◆ DATA BELOW ◆
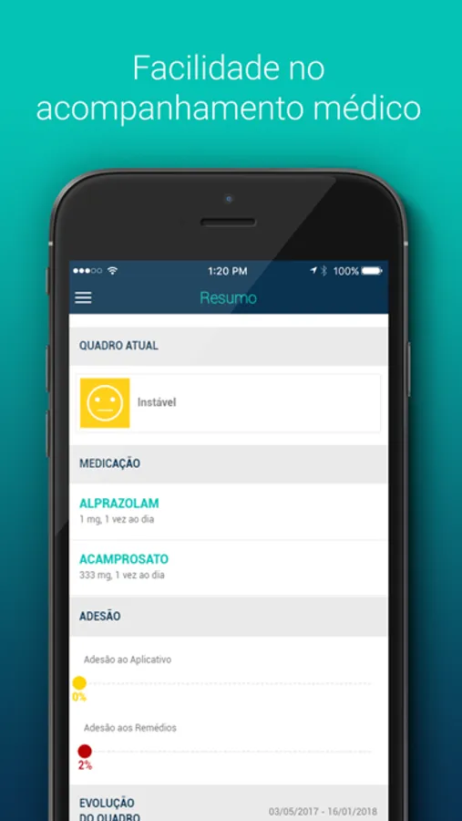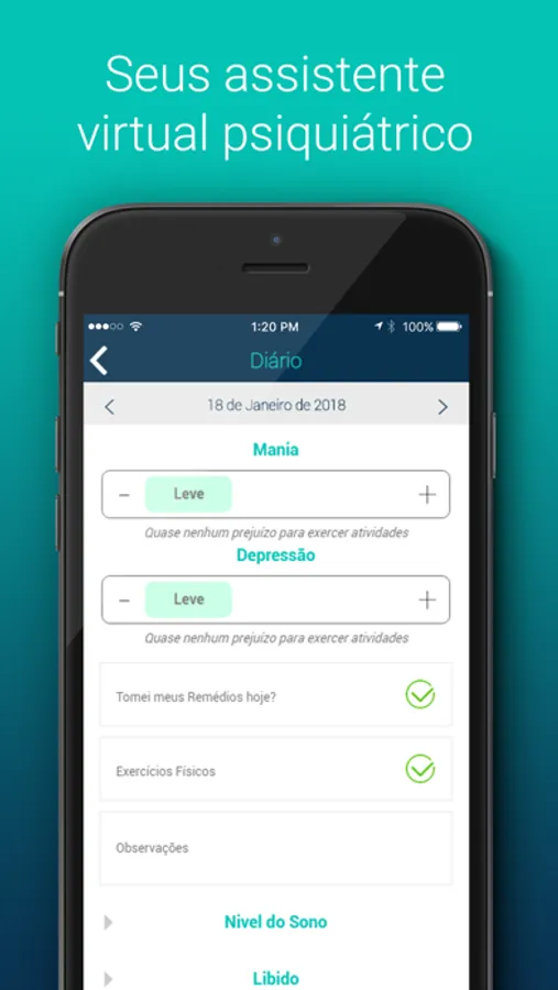 It has a diary where you inform all the feelings and activities that were carried out during the day and with that a moodchart identifies all the changes of humor throughout the treatment. With these data the doctor can better dosage the medications.
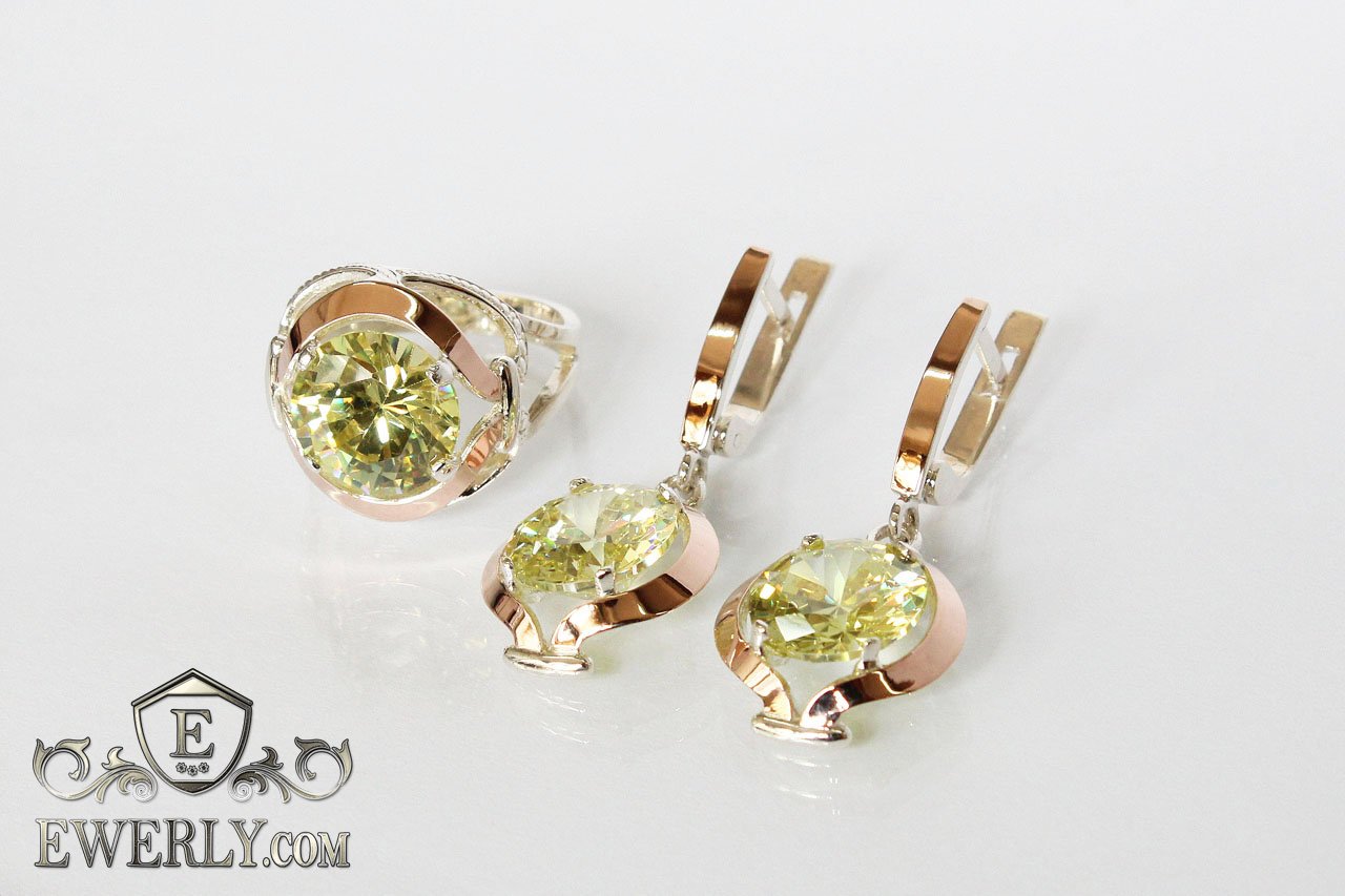 Жіночий комплект: срібний перстень і сережки з жовтими каменями
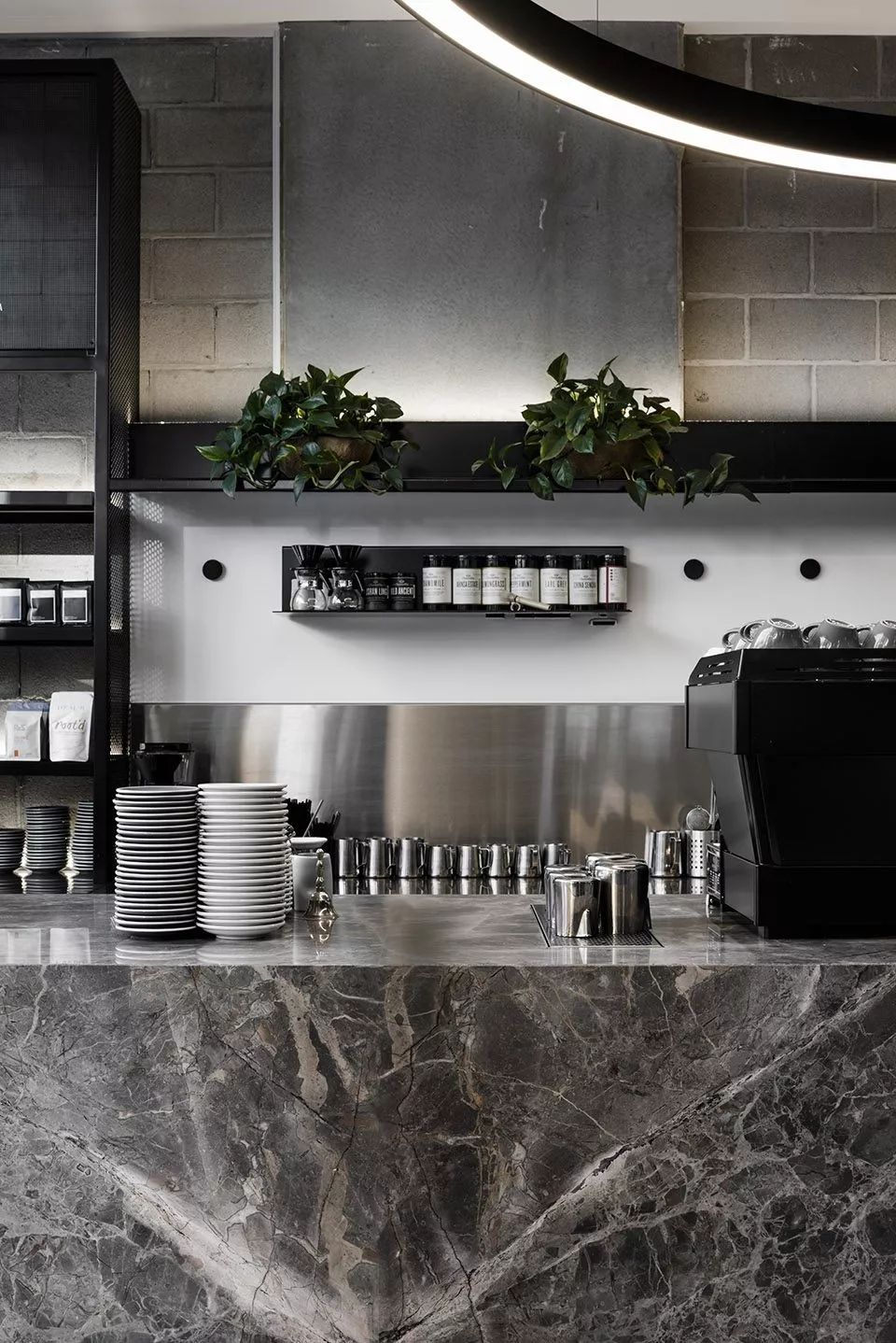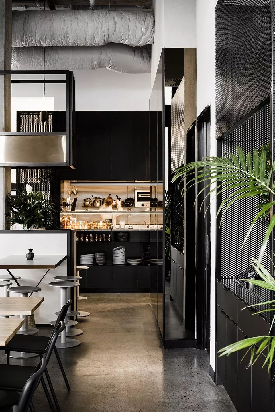 希望创造有别于「正襟危坐」的法餐氛围,而是可以悠闲入座,点缀笑声与刀割碰撞声的自在环境,因此刻意以裸露管线,粗犷水泥作为设计主轴,一来创造悠闲气息,二方面借此衬托法式餐点的精致优雅。

◆ WHAT THE TASK REQUIRES ◆
Hand back the data above exactly, leaving out all pictures.

◆ SOLUTION FOR THIS TASK ◆
 It has a diary where you inform all the feelings and activities that were carried out during the day and with that a moodchart identifies all the changes of humor throughout the treatment. With these data the doctor can better dosage the medications.
 Жіночий комплект: срібний перстень і сережки з жовтими каменями
 希望创造有别于「正襟危坐」的法餐氛围,而是可以悠闲入座,点缀笑声与刀割碰撞声的自在环境,因此刻意以裸露管线,粗犷水泥作为设计主轴,一来创造悠闲气息,二方面借此衬托法式餐点的精致优雅。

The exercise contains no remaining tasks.